Stored data entries

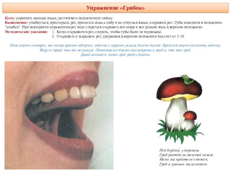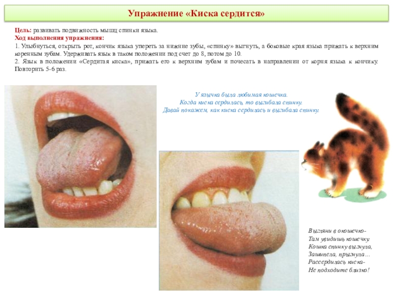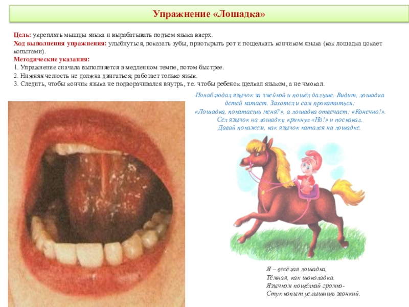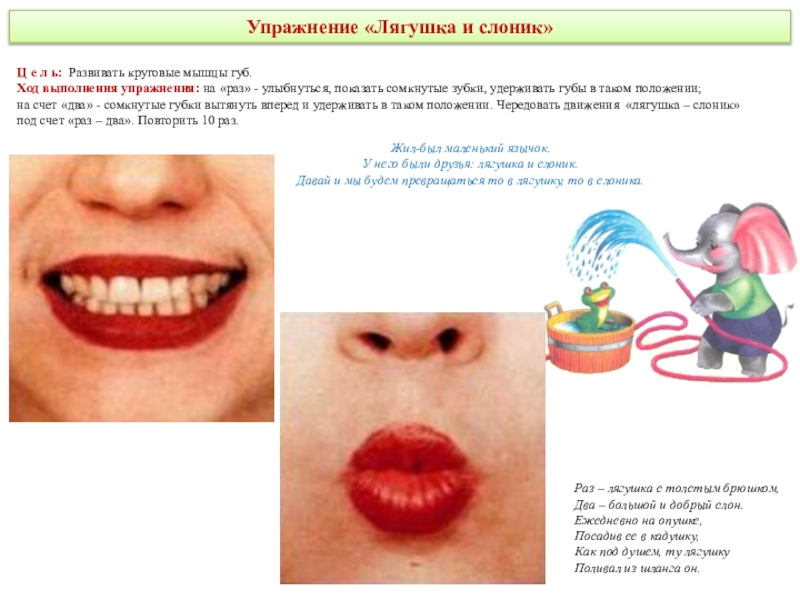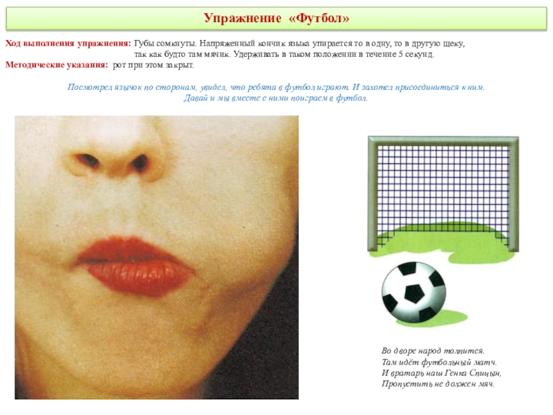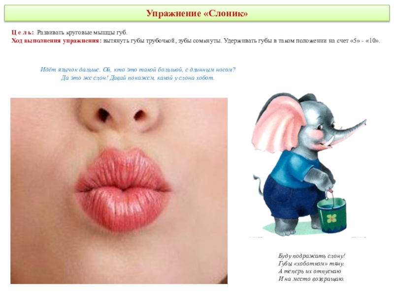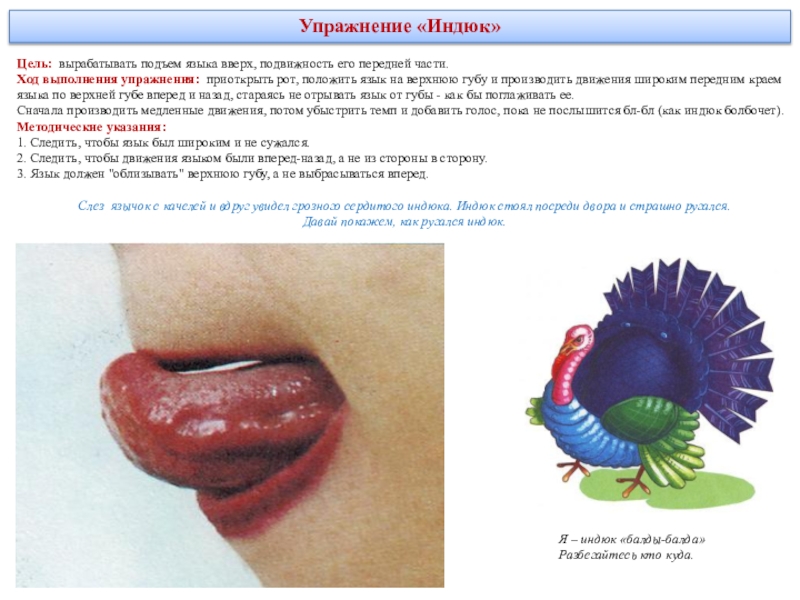 делая круговые движения как бы вокруг губ, но с внутренней стороны рта. Движения выполняются сначала в одном направлении (по часовой стрелке) - 5—6 кругов, затем в другом направлении (против часовой стрелки) 5—6 кругов. Скорость движения языка можно менять. Удерживать в таком положении в течение 5 секунд.Методические указания: рот при этом закрыт.
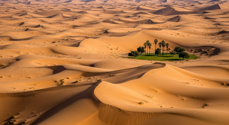 Expansive golden desert landscape featuring rolling sand dunes and a vibrant green oasis with lush palm trees and foliage, creating a striking contrast in the arid environment.
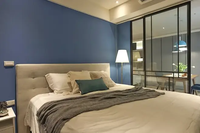 딥 블루 그레이 컬러를 중심으로 침실의 색감을 잡고, 다른 기능은 과감히 배제해 오롯이 휴식에 집중할 수 있도록 설계된 점이 눈길을 끈다.
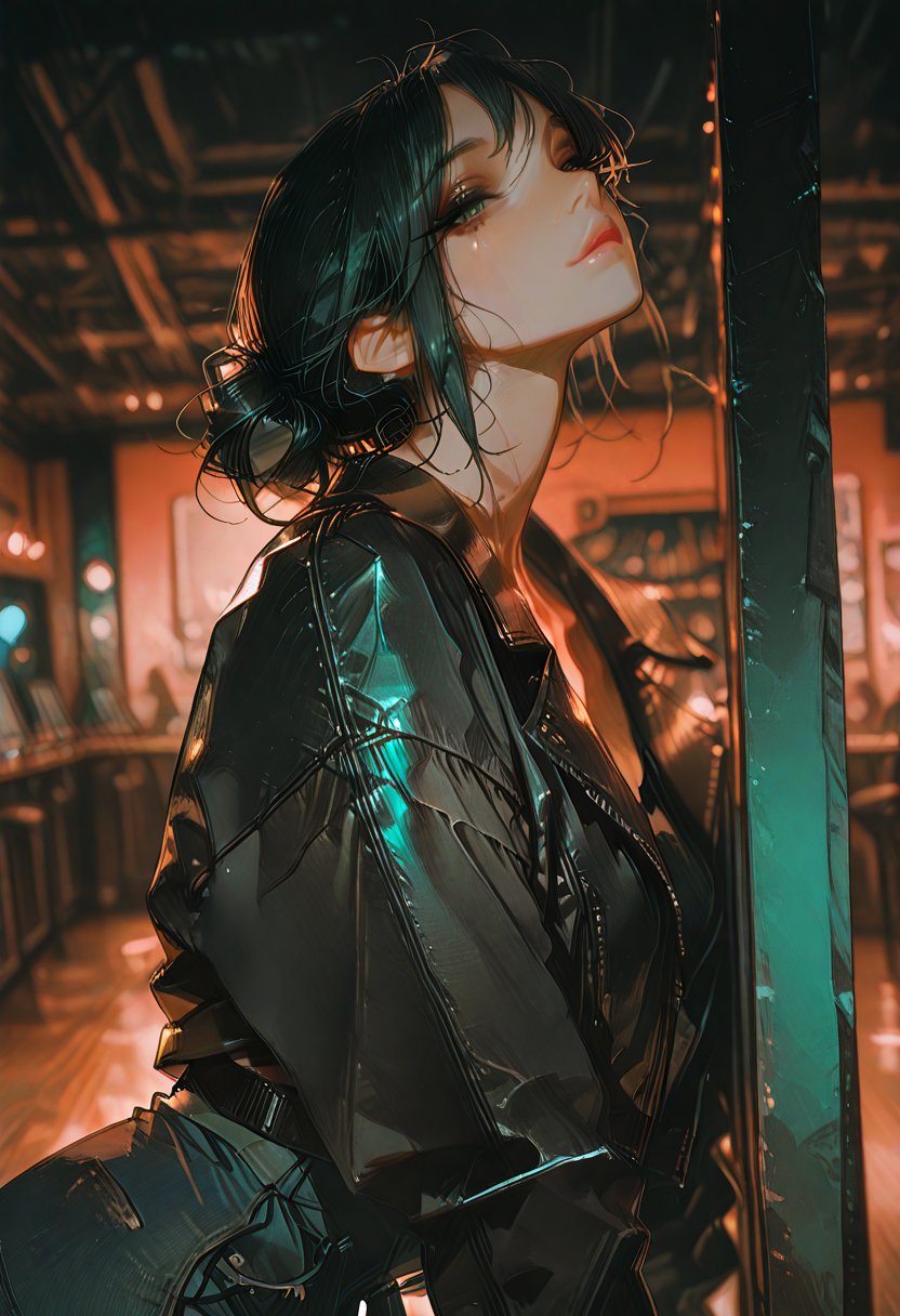 Ava leans against the bar, her eyes scanning the room with a mix of curiosity and caution. She's a 25-year-old music journalist, always on the lookout for the next big thing. Her dark hair is pulled back in a messy bun, and her bright green eyes sparkle with a hint of mischief. She's been known to take risks in her writing, but in her personal life, she's more cautious. She takes a sip of her drink, her eyes never leaving the stage.
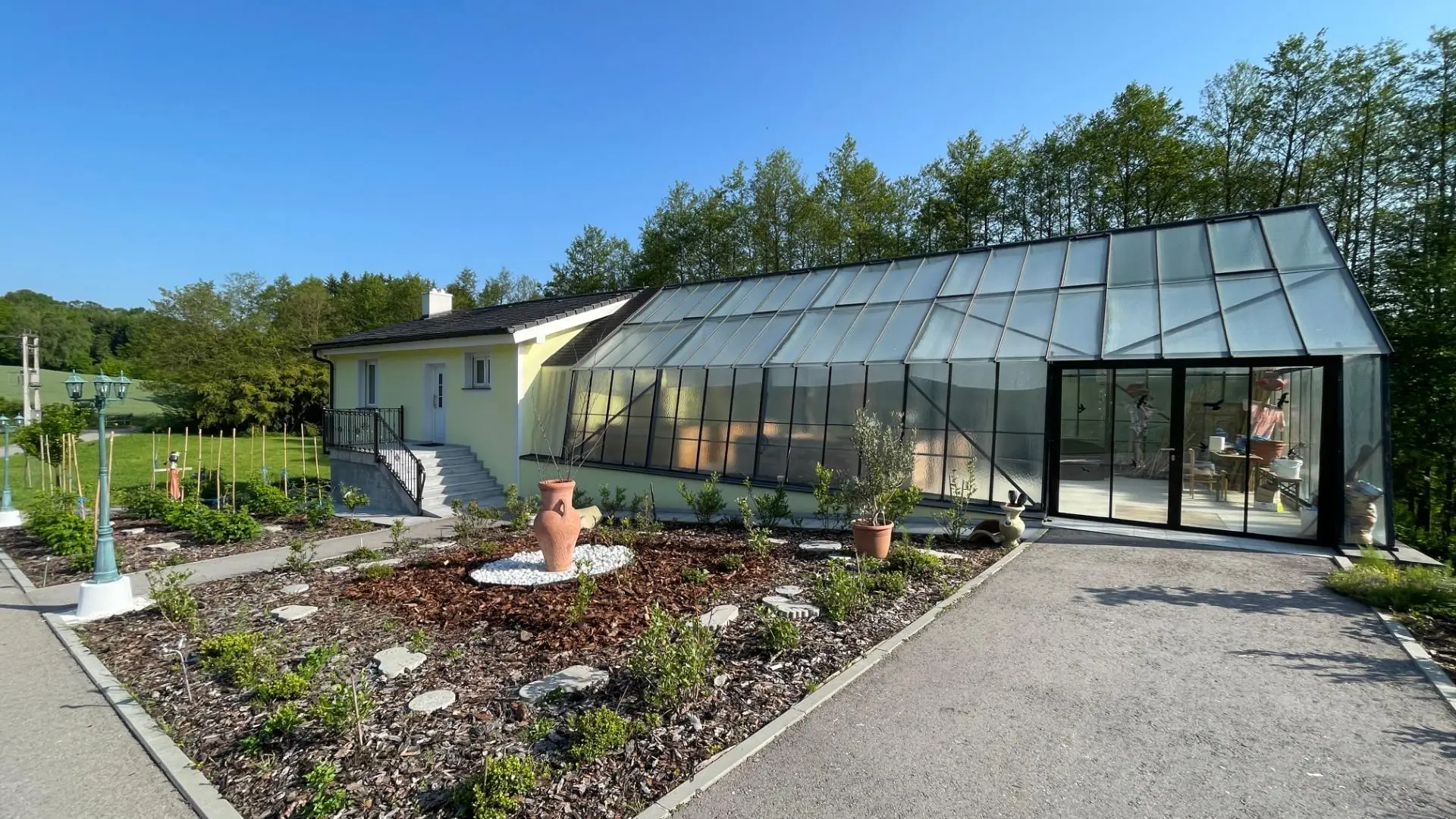 Das Gästehaus mit Glashaus: ca. 53 m² Wfl. + Glashaus ca. 89 m² Nutzfläche
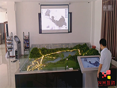 立體數字沙盤又稱為立體電子沙盤,是屏幕+實體沙盤模型+燈光+語音解說的結合體。屏幕中的內容是利用三維動畫技術所制作而成再利用投影機投射到屏幕中,想宣傳片樣,再結合實體沙盤模型共同展現。在屏幕中的三維內容展現時,實體沙盤模型利用燈光效果來回應所展現的內容,與它融合在起。立體數字沙盤有兩種方法實現互動功能,是利用觸控體機來實現;二是在實體沙盤模型中安裝感應設備,用激光筆來點擊沙盤實體互動。
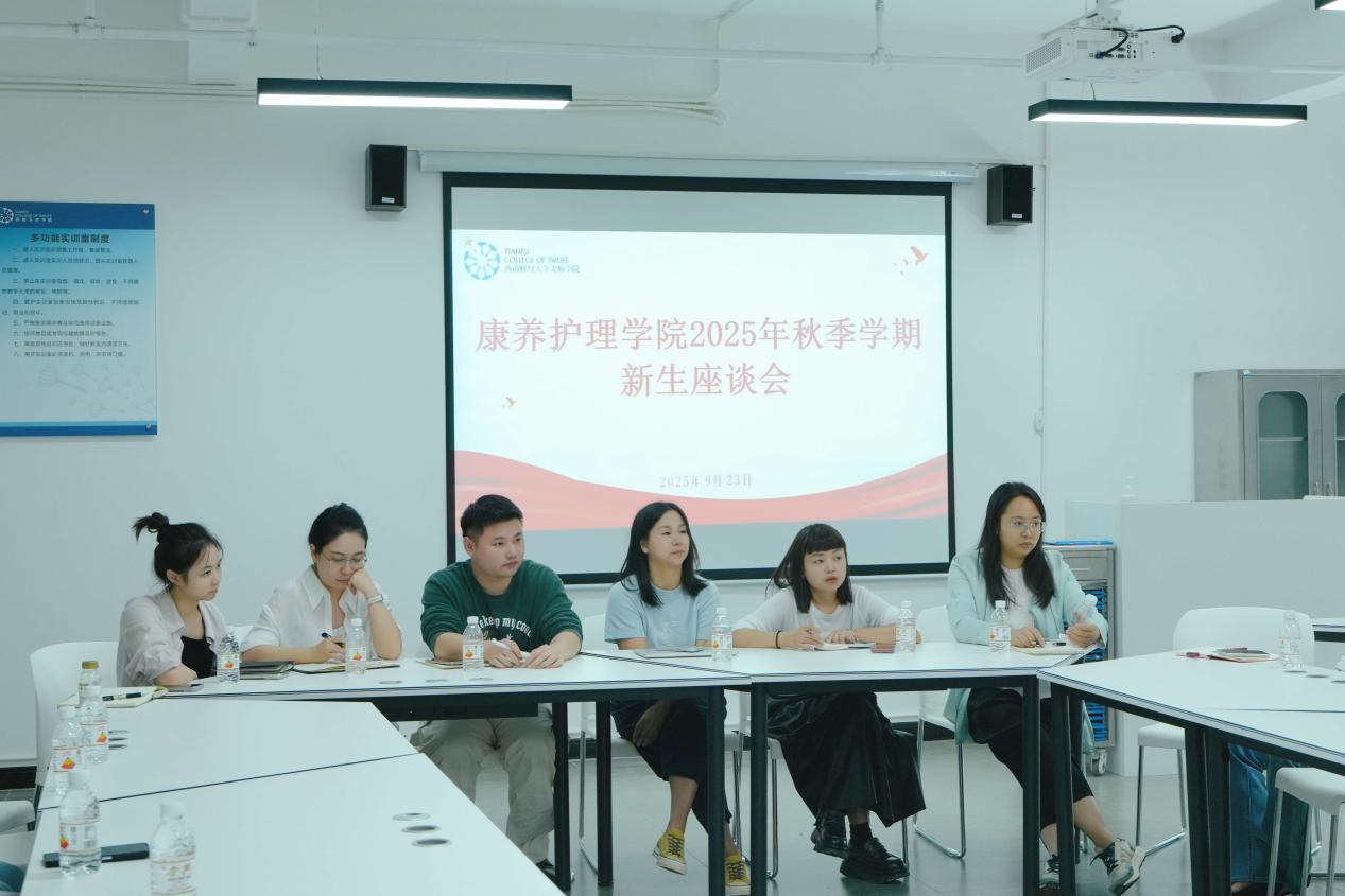 为畅通师生沟通渠道,精准对接新生需求,9月23日,西南财经大学天府学院康养护理学院在德阳校区召开2025年秋季学期新生座谈会。康养护理学院副院长梅超南、分党委副书记任讷、学生科副科长贾林及部分辅导员与新生代表共同参会。

● Problem to work on: Print all the entries exactly as they appear, without the pictures.

● Written response:
 делая круговые движения как бы вокруг губ, но с внутренней стороны рта. Движения выполняются сначала в одном направлении (по часовой стрелке) - 5—6 кругов, затем в другом направлении (против часовой стрелки) 5—6 кругов. Скорость движения языка можно менять. Удерживать в таком положении в течение 5 секунд.Методические указания: рот при этом закрыт.
 Expansive golden desert landscape featuring rolling sand dunes and a vibrant green oasis with lush palm trees and foliage, creating a striking contrast in the arid environment.
 딥 블루 그레이 컬러를 중심으로 침실의 색감을 잡고, 다른 기능은 과감히 배제해 오롯이 휴식에 집중할 수 있도록 설계된 점이 눈길을 끈다.
 Ava leans against the bar, her eyes scanning the room with a mix of curiosity and caution. She's a 25-year-old music journalist, always on the lookout for the next big thing. Her dark hair is pulled back in a messy bun, and her bright green eyes sparkle with a hint of mischief. She's been known to take risks in her writing, but in her personal life, she's more cautious. She takes a sip of her drink, her eyes never leaving the stage.
 Das Gästehaus mit Glashaus: ca. 53 m² Wfl. + Glashaus ca. 89 m² Nutzfläche
 立體數字沙盤又稱為立體電子沙盤,是屏幕+實體沙盤模型+燈光+語音解說的結合體。屏幕中的內容是利用三維動畫技術所制作而成再利用投影機投射到屏幕中,想宣傳片樣,再結合實體沙盤模型共同展現。在屏幕中的三維內容展現時,實體沙盤模型利用燈光效果來回應所展現的內容,與它融合在起。立體數字沙盤有兩種方法實現互動功能,是利用觸控體機來實現;二是在實體沙盤模型中安裝感應設備,用激光筆來點擊沙盤實體互動。
 为畅通师生沟通渠道,精准对接新生需求,9月23日,西南财经大学天府学院康养护理学院在德阳校区召开2025年秋季学期新生座谈会。康养护理学院副院长梅超南、分党委副书记任讷、学生科副科长贾林及部分辅导员与新生代表共同参会。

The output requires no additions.